##### STUDY MATERIAL

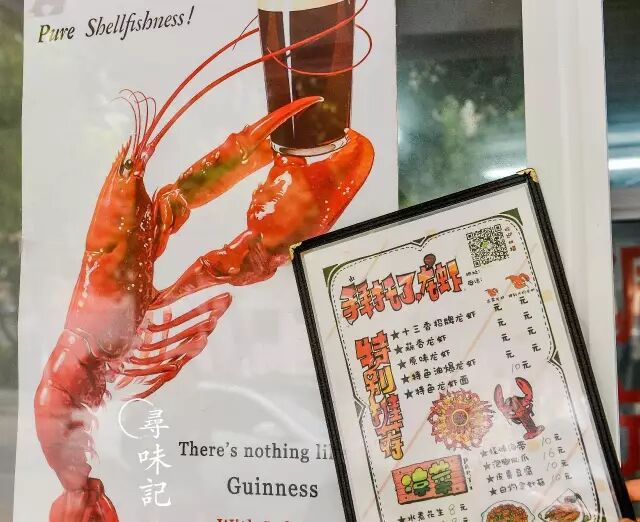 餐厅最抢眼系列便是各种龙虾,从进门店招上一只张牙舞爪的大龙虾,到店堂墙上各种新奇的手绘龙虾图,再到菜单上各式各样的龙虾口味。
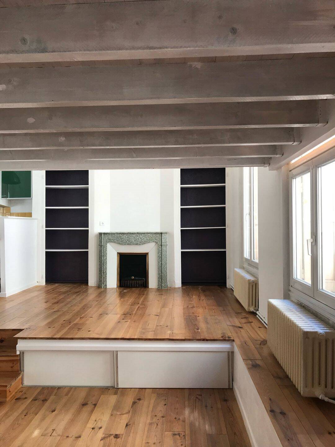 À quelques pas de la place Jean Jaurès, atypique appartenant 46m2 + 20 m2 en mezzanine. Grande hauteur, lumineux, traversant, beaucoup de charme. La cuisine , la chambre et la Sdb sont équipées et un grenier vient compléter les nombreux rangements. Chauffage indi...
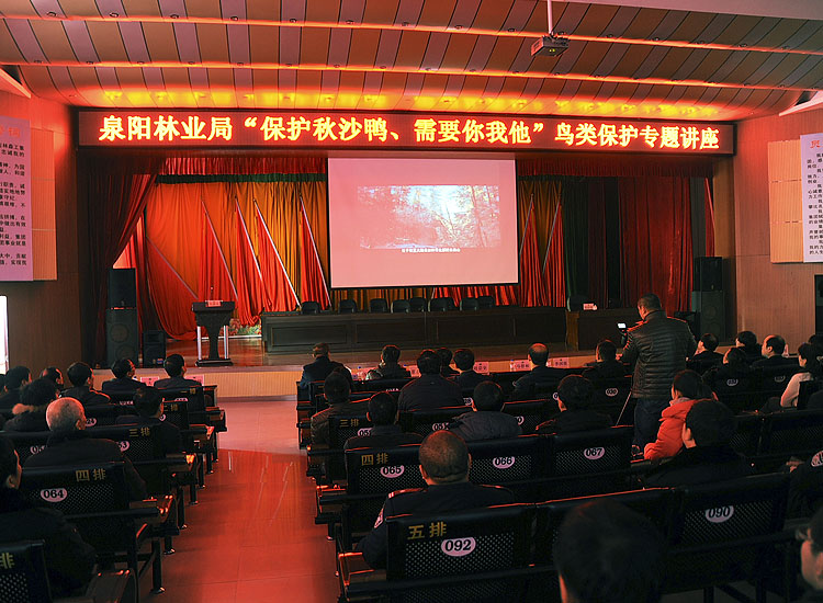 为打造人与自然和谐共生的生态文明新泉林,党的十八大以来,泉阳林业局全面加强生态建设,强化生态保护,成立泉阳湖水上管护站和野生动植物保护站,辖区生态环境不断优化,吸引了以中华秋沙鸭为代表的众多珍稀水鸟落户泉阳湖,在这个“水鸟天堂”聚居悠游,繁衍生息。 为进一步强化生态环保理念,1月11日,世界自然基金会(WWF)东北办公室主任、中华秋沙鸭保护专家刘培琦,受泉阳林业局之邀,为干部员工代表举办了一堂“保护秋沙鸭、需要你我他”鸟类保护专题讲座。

##########
##### STUDY MATERIAL

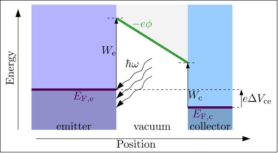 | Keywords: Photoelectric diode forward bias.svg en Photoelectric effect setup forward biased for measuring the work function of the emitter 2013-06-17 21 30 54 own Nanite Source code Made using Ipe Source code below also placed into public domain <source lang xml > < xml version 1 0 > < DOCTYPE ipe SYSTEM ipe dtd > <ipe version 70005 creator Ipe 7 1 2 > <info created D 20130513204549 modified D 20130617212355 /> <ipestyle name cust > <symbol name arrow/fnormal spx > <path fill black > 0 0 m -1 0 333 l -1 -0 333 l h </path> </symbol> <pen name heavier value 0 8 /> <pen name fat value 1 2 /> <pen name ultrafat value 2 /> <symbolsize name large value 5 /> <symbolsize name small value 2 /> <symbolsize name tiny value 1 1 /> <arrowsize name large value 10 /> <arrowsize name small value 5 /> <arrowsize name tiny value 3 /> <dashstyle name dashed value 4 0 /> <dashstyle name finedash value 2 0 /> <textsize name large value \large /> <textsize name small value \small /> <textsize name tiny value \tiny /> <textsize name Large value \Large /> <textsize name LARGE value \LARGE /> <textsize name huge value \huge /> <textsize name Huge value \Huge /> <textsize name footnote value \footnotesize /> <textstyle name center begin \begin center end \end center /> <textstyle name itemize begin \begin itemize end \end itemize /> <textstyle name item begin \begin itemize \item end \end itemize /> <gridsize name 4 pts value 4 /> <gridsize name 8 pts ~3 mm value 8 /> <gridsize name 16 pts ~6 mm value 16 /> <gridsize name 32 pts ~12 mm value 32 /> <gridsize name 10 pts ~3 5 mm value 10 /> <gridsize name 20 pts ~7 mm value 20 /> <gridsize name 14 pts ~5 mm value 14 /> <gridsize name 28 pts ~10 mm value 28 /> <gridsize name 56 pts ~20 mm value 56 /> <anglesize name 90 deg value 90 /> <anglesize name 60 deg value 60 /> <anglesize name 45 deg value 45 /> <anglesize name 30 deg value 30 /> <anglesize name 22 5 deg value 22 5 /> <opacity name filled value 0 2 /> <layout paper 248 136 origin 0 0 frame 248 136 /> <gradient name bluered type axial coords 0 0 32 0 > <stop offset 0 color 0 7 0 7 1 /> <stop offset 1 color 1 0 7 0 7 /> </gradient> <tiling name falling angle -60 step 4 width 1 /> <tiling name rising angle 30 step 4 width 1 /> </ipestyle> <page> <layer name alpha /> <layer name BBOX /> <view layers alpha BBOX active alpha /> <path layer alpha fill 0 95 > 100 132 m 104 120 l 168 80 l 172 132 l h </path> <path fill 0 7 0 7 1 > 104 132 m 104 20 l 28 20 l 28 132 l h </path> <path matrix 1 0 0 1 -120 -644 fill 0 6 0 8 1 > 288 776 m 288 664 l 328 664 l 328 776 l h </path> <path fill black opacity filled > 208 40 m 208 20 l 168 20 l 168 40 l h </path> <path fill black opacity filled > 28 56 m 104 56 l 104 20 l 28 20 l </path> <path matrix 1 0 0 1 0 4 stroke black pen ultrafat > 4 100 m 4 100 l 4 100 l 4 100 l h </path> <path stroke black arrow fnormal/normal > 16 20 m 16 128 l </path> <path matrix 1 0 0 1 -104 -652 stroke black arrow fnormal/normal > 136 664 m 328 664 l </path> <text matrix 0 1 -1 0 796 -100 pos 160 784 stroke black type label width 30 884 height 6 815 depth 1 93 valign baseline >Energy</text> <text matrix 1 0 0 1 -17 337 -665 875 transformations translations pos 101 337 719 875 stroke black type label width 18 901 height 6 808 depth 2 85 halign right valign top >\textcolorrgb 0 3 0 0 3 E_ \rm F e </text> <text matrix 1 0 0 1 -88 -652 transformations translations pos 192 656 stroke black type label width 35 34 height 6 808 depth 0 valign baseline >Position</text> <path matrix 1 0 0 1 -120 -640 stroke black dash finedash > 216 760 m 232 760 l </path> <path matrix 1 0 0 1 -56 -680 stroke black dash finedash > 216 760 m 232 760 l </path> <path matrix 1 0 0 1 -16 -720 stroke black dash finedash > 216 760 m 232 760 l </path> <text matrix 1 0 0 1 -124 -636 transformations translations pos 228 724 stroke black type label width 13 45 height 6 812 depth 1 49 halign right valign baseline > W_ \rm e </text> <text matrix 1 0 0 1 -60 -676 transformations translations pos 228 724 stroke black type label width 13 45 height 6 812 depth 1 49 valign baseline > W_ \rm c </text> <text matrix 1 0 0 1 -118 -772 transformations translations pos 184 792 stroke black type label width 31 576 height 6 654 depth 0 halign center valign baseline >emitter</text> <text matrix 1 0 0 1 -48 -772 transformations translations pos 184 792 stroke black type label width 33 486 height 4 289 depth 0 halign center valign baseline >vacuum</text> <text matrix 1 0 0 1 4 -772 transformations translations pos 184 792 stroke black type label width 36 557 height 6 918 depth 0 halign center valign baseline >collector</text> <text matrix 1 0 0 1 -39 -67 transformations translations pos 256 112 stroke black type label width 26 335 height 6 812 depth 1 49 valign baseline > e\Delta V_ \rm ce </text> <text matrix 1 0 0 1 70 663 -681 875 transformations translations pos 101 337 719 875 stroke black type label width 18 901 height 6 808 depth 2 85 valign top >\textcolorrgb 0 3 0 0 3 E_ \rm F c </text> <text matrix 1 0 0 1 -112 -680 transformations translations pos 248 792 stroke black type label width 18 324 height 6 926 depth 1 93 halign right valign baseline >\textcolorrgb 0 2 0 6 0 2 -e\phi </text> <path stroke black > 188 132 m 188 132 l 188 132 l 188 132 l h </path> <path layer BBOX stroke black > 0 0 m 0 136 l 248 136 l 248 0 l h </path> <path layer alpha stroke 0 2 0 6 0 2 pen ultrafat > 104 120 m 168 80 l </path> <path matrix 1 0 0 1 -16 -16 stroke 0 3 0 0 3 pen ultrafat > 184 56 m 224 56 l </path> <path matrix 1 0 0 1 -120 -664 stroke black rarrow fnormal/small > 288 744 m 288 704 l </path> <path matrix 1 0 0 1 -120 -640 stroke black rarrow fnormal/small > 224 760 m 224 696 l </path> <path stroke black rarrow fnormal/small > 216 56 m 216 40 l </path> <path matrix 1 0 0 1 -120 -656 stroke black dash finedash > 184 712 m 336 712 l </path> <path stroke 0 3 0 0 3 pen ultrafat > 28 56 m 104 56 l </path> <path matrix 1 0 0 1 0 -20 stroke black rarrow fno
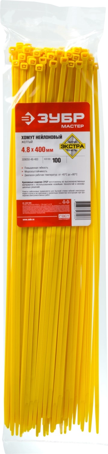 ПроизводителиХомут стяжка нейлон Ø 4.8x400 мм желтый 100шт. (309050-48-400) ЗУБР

##########
##### STUDY MATERIAL

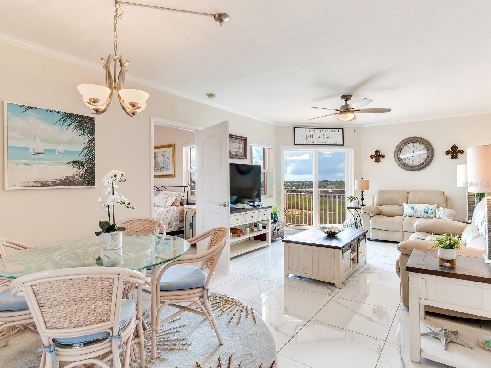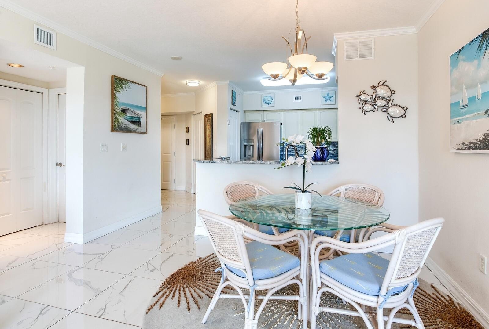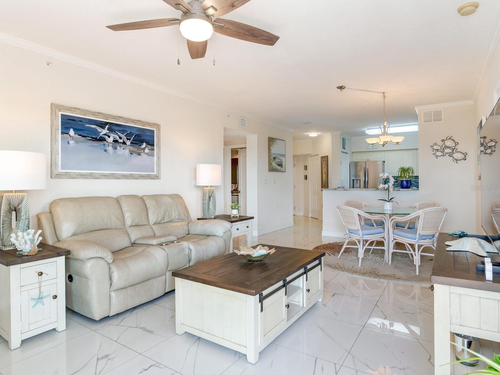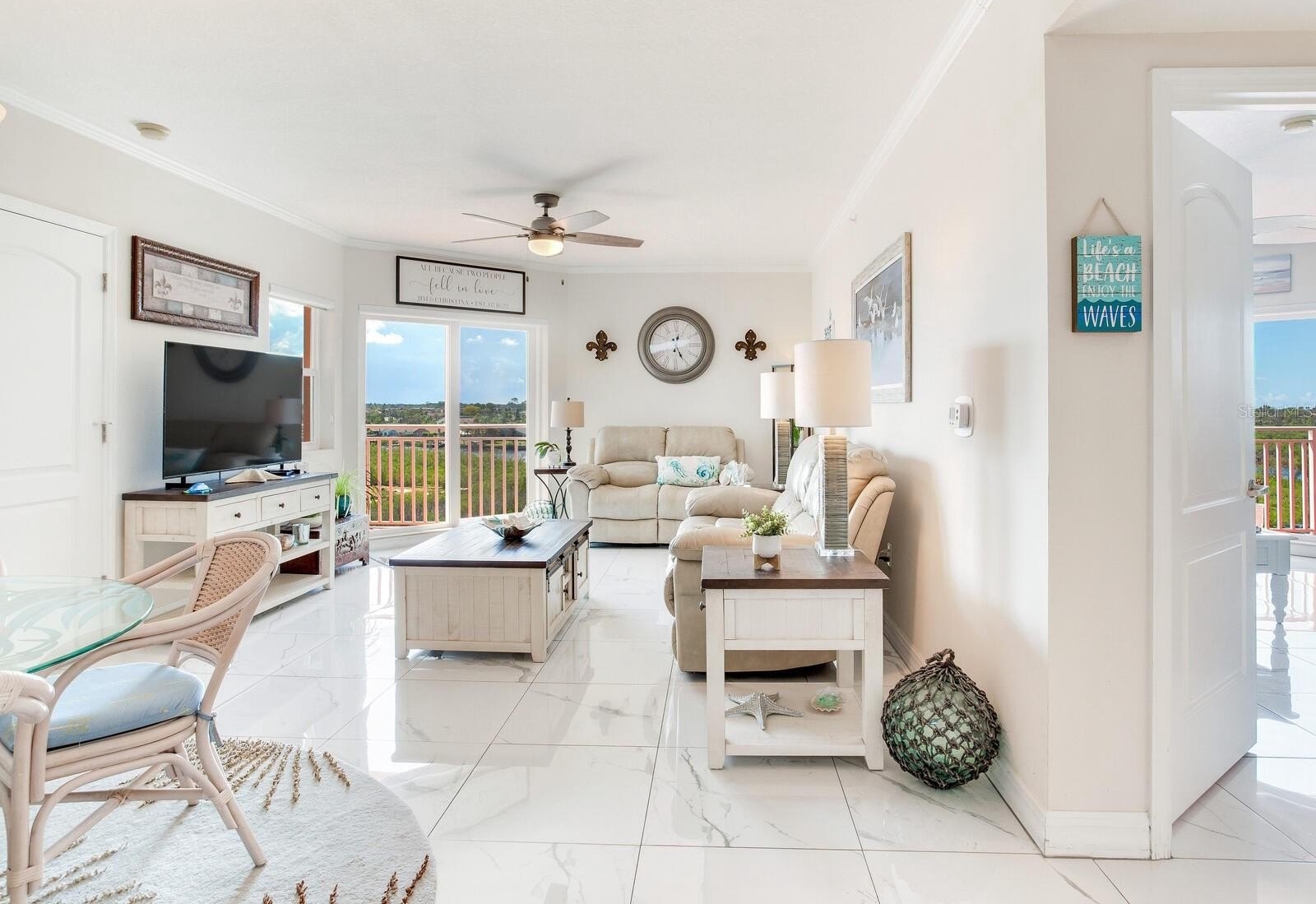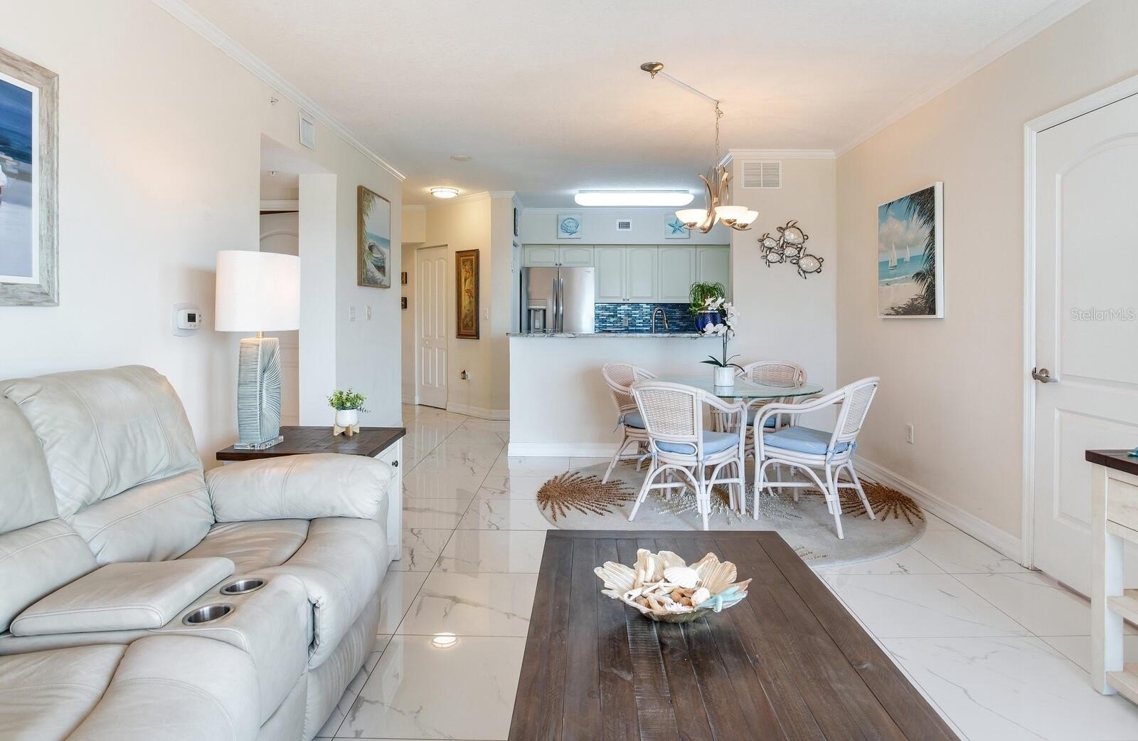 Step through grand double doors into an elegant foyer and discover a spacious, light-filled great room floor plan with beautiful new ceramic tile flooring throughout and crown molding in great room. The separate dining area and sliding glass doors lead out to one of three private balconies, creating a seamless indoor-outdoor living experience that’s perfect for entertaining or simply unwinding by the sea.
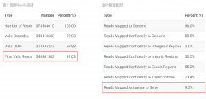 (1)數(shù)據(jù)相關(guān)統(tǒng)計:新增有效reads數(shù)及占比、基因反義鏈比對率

##########

§ PROBLEM TO SOLVE:
Without the pictures, set down the lines above from the line with "餐厅最抢眼系列便是各种龙虾,从进门店招上" up to and including the line with "À quelques pas" exactly as they stand.

§ TASK RESPONSE:
 餐厅最抢眼系列便是各种龙虾,从进门店招上一只张牙舞爪的大龙虾,到店堂墙上各种新奇的手绘龙虾图,再到菜单上各式各样的龙虾口味。
 À quelques pas de la place Jean Jaurès, atypique appartenant 46m2 + 20 m2 en mezzanine. Grande hauteur, lumineux, traversant, beaucoup de charme. La cuisine , la chambre et la Sdb sont équipées et un grenier vient compléter les nombreux rangements. Chauffage indi...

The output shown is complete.